### AIM OF THE EXERCISE:
The task calls for the lines below from the line with "国海证券:新和成(00200" to the line with "Transform your home", both ends included, copied exactly, without any pictures.

### RECORD EXCERPTS:
────

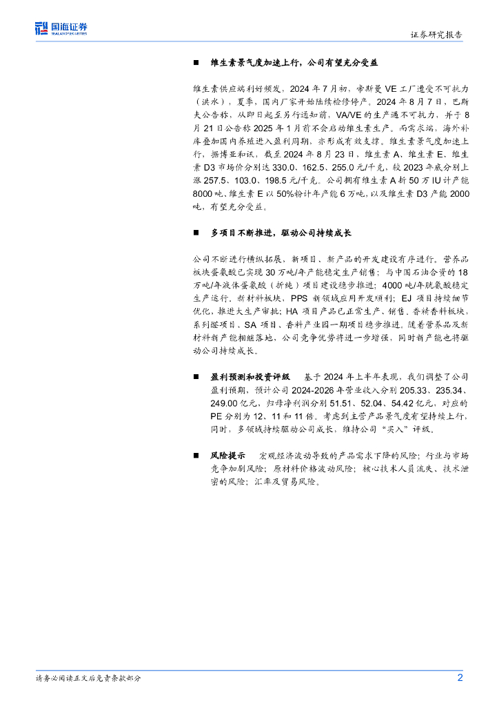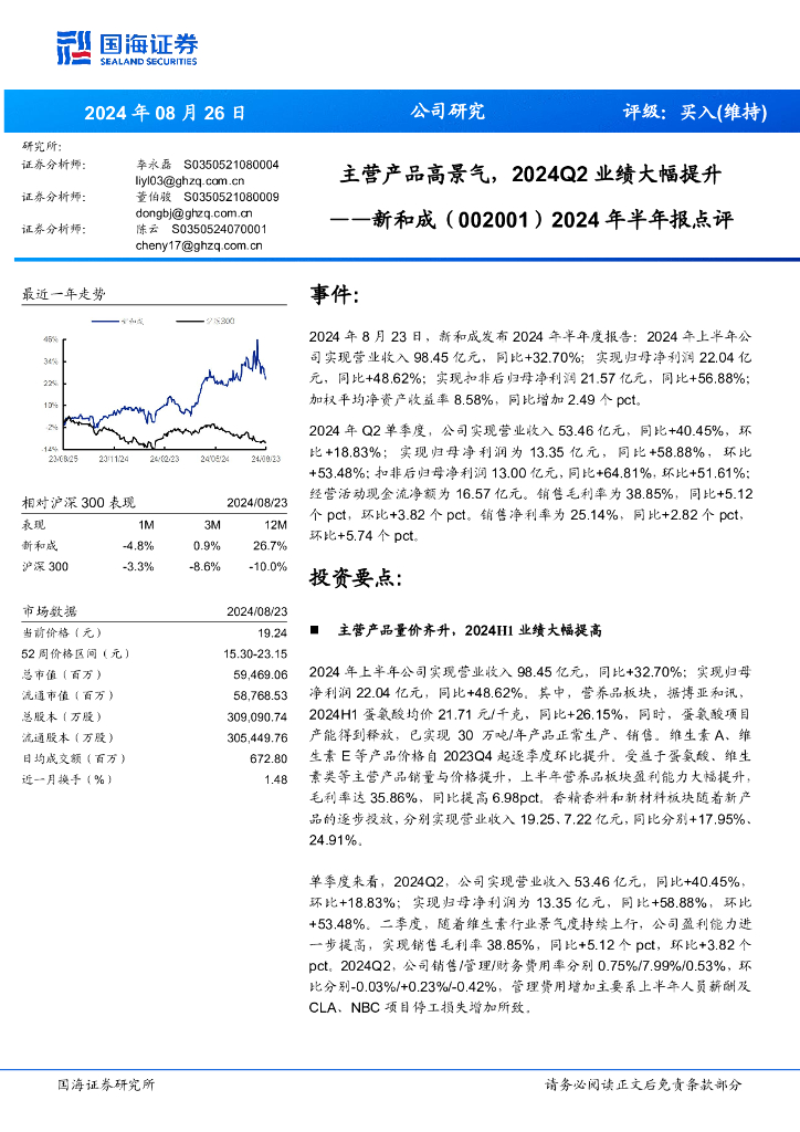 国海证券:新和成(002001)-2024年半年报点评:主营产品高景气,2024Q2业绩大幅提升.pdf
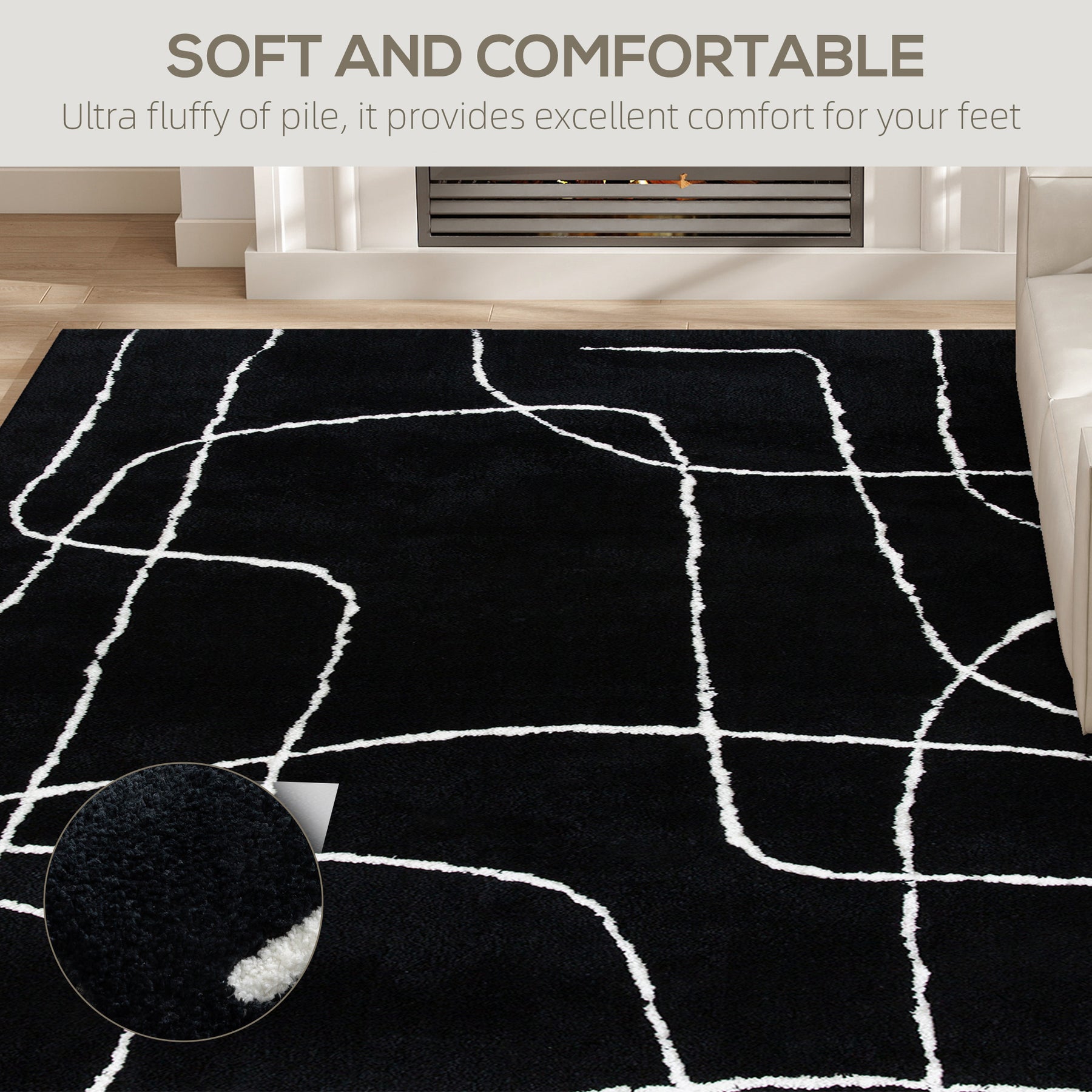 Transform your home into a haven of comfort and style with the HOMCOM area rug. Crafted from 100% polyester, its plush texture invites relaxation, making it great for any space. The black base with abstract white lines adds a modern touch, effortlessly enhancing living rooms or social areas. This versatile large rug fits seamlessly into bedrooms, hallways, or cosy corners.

────

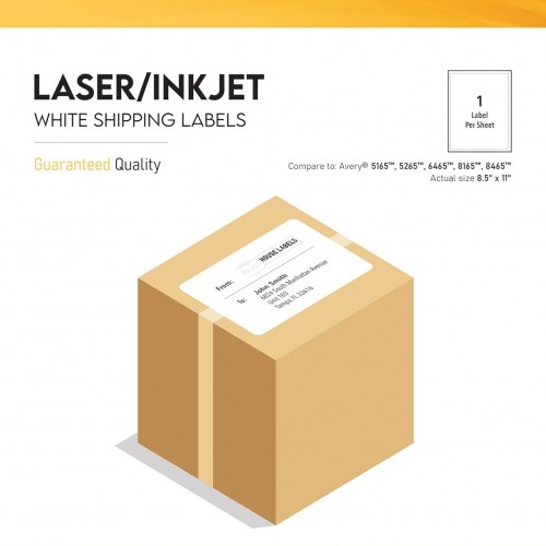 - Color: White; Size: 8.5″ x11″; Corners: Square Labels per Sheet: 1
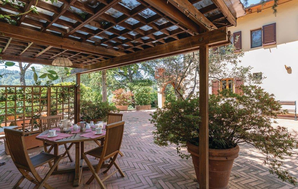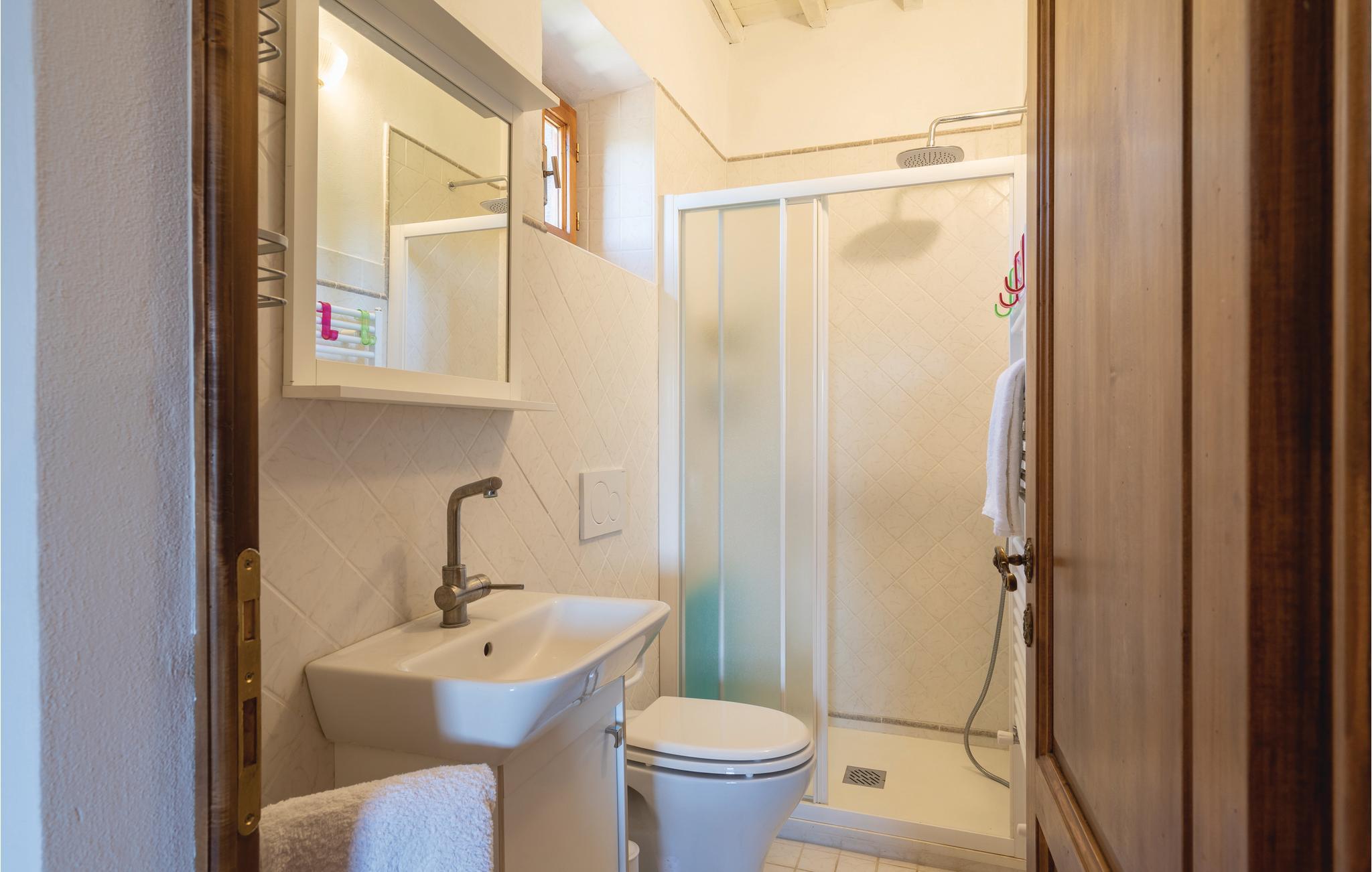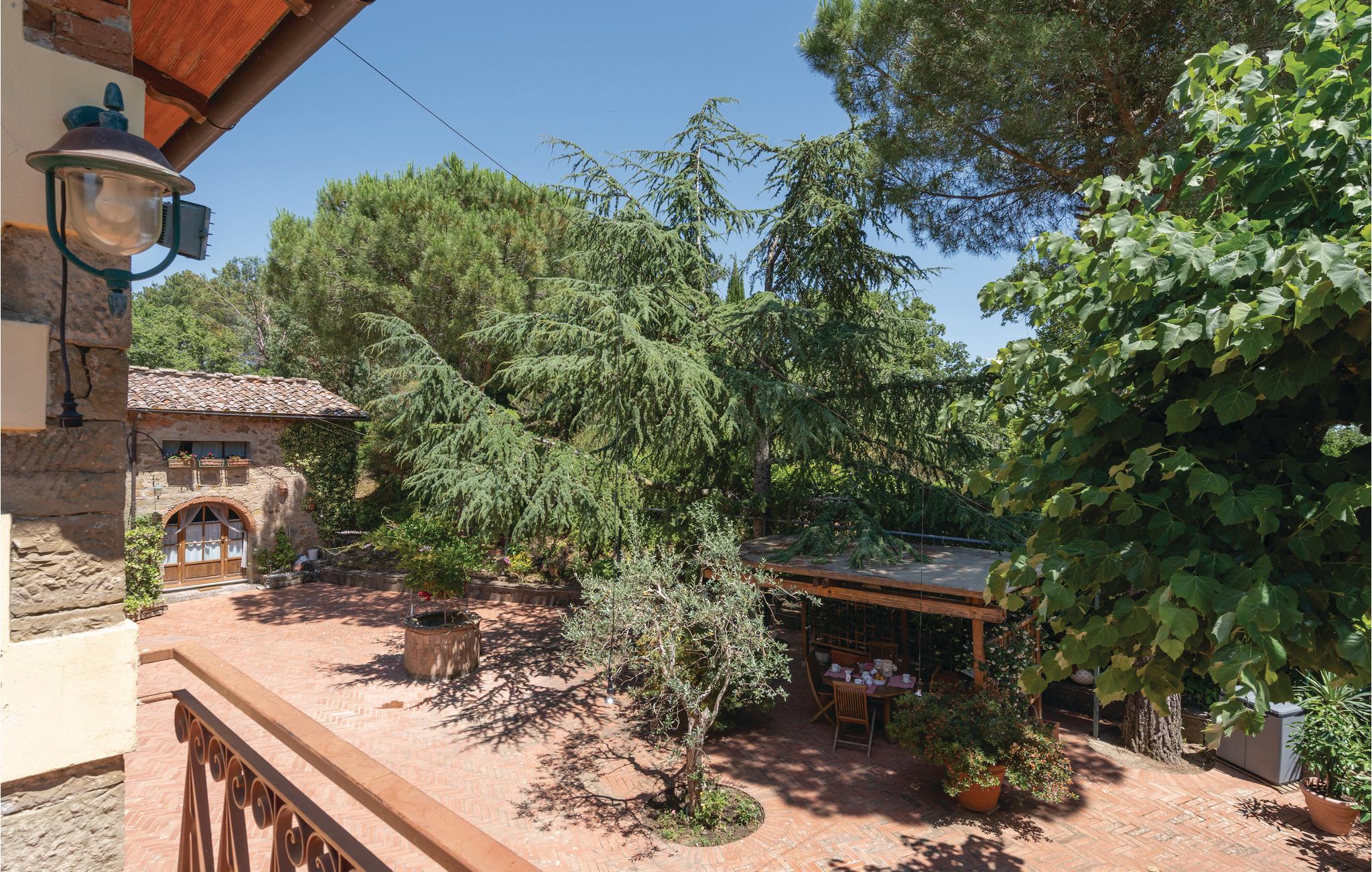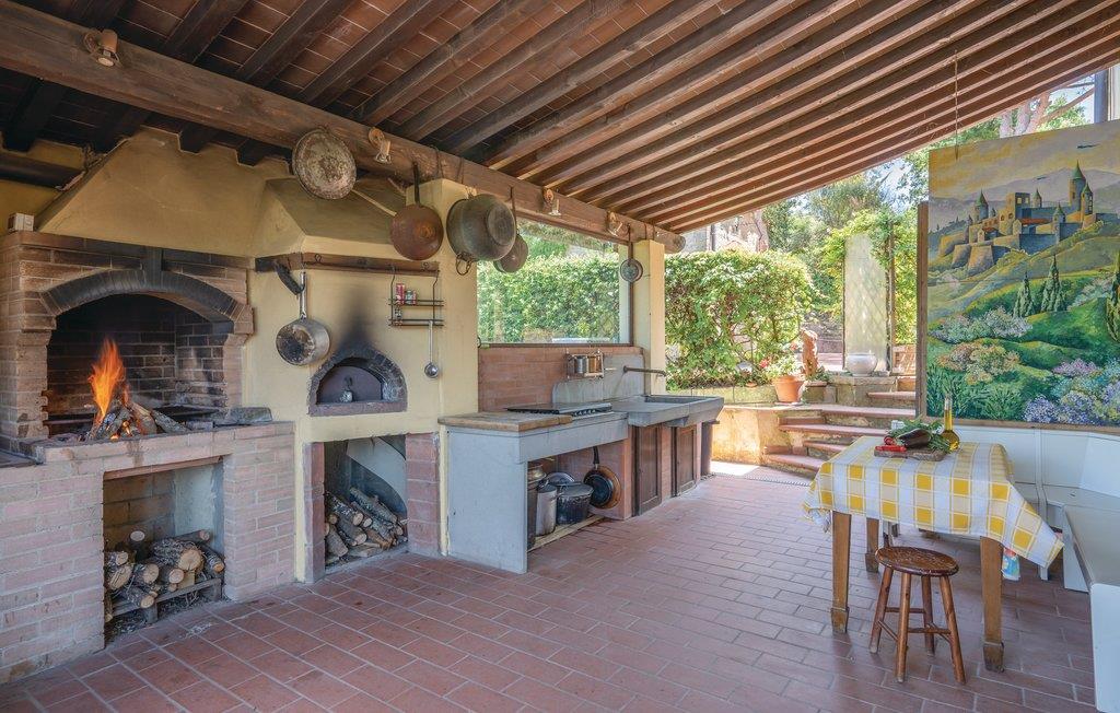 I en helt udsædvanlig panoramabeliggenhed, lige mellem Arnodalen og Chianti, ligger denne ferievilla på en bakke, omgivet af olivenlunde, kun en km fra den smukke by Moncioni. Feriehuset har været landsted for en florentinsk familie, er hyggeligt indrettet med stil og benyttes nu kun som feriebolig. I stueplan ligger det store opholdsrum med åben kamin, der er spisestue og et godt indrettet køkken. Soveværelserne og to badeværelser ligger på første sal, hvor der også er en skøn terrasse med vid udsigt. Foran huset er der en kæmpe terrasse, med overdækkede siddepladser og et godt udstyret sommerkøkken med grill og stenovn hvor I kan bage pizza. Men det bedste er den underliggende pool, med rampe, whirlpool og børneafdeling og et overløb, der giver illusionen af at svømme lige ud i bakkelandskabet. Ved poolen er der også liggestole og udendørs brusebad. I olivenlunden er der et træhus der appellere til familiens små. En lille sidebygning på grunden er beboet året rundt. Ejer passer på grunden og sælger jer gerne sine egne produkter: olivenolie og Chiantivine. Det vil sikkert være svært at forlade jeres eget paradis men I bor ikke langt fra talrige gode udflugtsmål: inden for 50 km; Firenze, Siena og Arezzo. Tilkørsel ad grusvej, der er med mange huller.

────

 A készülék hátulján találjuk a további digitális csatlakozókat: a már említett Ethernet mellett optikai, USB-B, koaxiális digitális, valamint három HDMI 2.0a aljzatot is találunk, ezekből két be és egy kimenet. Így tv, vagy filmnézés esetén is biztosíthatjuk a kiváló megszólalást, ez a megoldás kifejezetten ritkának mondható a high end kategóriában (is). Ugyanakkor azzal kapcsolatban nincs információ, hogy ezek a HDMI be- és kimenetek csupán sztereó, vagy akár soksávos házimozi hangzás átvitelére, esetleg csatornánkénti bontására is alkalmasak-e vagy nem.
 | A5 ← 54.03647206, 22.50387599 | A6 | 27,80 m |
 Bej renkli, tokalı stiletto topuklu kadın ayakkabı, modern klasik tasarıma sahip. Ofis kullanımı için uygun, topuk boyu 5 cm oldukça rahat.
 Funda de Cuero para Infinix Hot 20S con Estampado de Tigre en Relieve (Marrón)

────

### EXERCISE RESPONSE:
 国海证券:新和成(002001)-2024年半年报点评:主营产品高景气,2024Q2业绩大幅提升.pdf
 Transform your home into a haven of comfort and style with the HOMCOM area rug. Crafted from 100% polyester, its plush texture invites relaxation, making it great for any space. The black base with abstract white lines adds a modern touch, effortlessly enhancing living rooms or social areas. This versatile large rug fits seamlessly into bedrooms, hallways, or cosy corners.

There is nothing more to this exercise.